12.役小角
蹴鞠の練習を開始してから二時間が経ってなお、桃姫は集中力を切らさなかった。
「ぽーん、ぽーん」
落とさずに蹴り上げ続けるだけでは飽き足らず、どれだけ高く飛躍させられるかという新たな挑戦が始まっていた。
「ぽーん、ぽぉーん」
声を発しながら、雪駄を履いた足袋の甲で器用に鞠を蹴り上げていく桃姫。着実に滞空時間を伸ばしていった鞠は、ついには木々の背丈を超えて飛び上がった。
「ぽぉーん、ぽぉおーん」
木々の間から覗く白雲が浮かんだ秋の空に、赤い鞠が気持ちよさそうに舞い上がる。
祠の前からは先に行かないという桃太郎との約束は守りつつ、空飛ぶ鞠を見上げた桃姫が夢見心地に浸っていたそのとき。
「──ピィーヒョロロー」
一羽の大きなトンビが甲高い鳴き声を発すると、鋭い眼光で浮上する鞠を睨みつけ、両脚の爪を伸ばして掴み取ると同時に、強く羽ばたいて天高く飛翔した。
「あっ──!?」
一瞬の出来事に目を見開いて声を漏らした桃姫。遥か頭上で発生した事態に唖然とした桃姫は、飛び去っていくトンビに向かって叫んだ。
「だめぇッ! 返してぇええッ!」
慌てて走り出した桃姫は、木々の間を沿って飛ぶトンビに両手を突き出した。
「それっ、母上からもらった! 大事な鞠なのォッ!」
桃姫は絶叫しながら走り──あっという間に三獣の祠の前を通りすぎて、山道を駆け上っていった。
「ピィーヒョロロー」
必死の形相で追いかけてくる桃姫の存在に気づいているのかいないのか、トンビは気持ちよさそうに鳴きながら羽ばたいてさらに飛翔する。
「──返せよぉおおッ!」
顔を真っ赤にしながら叫んだ桃姫は、履いている雪駄の左片方を掴むと、トンビに向かって全力で放り投げた。

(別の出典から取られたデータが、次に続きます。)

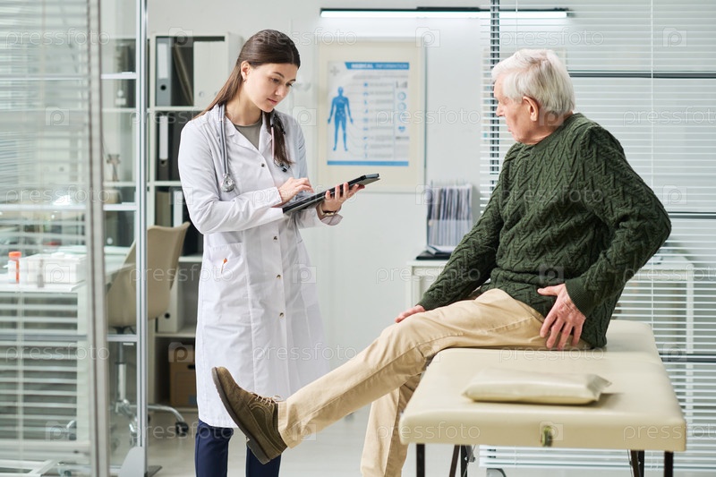 Молодая женщина-врач, осматривающая старшего мужчину в клинике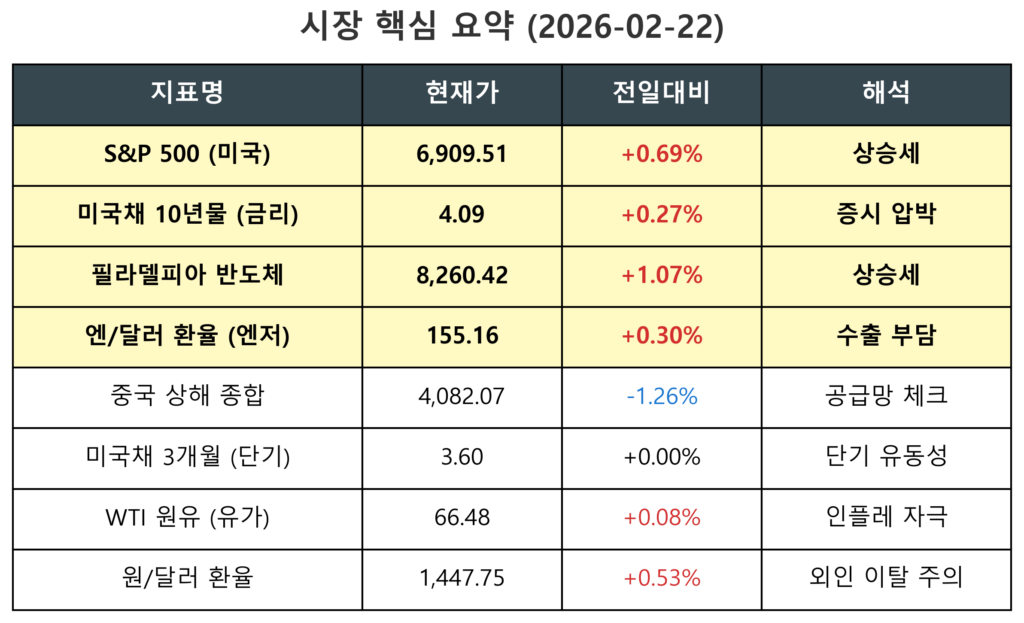 리스크/기회: 엔/달러 환율 상승(+0.30%, 엔저)으로 우리 수출 기업의 가격 경쟁력에 약간의 부담이 생겼고, 원/달러 환율(+0.53%) 또한 오름세를 보여 외국인 수급 이탈 여부를 예의주시해야 하는 리스크 요인이 남아있습니다.

しかし、14歳を迎えたばかりの少女の腕力で投げられた雪駄はトンビの高さまで届くこともなく、ただ小さな放物線を描くだけで終わった。
「…………」
乾いた音を立てながら地面に落下した雪駄を絶望の眼差しで見やった桃姫は、その場に膝から崩れ落ち、両手を地面に叩きつけながら激しく慟哭した。
「うああああッ!? なんでぇッ!? ああああッ──!!」
先程までの楽しかった時間をぐるっと反転し、絶望へと転じた上で凝縮したような深い悲しみを味わった桃姫は、滂沱の涙を地面にこぼした。
「いやだぁ、どうしてぇッ!?」
地面の砂を乱暴にひっ掴んだ桃姫は、やり場のない感情に押し潰されながら、ただ花咲山の頂きで喚くことしかできなかった。
そのとき、チリンという透き通った金輪の音色が山頂に響くと、修験道の白装束を身にまとったひとりの老人が姿を現した。
「かかか──泣かぬで、よろしい」
「っ……!?」
特徴的なしゃがれ声を耳にした桃姫は、咄嗟に顔を上げて声の主を見た。
太陽の光に背中を照らされた老人は、満面の笑みを浮かべながら右手に〈黄金の錫杖〉を、左手には赤い鞠を携えていた。
「あっ……?」
桃姫は老人が持つ赤い鞠を凝視した。それは間違いなく、トンビが掠め盗っていった小夜からもらった赤い鞠だった。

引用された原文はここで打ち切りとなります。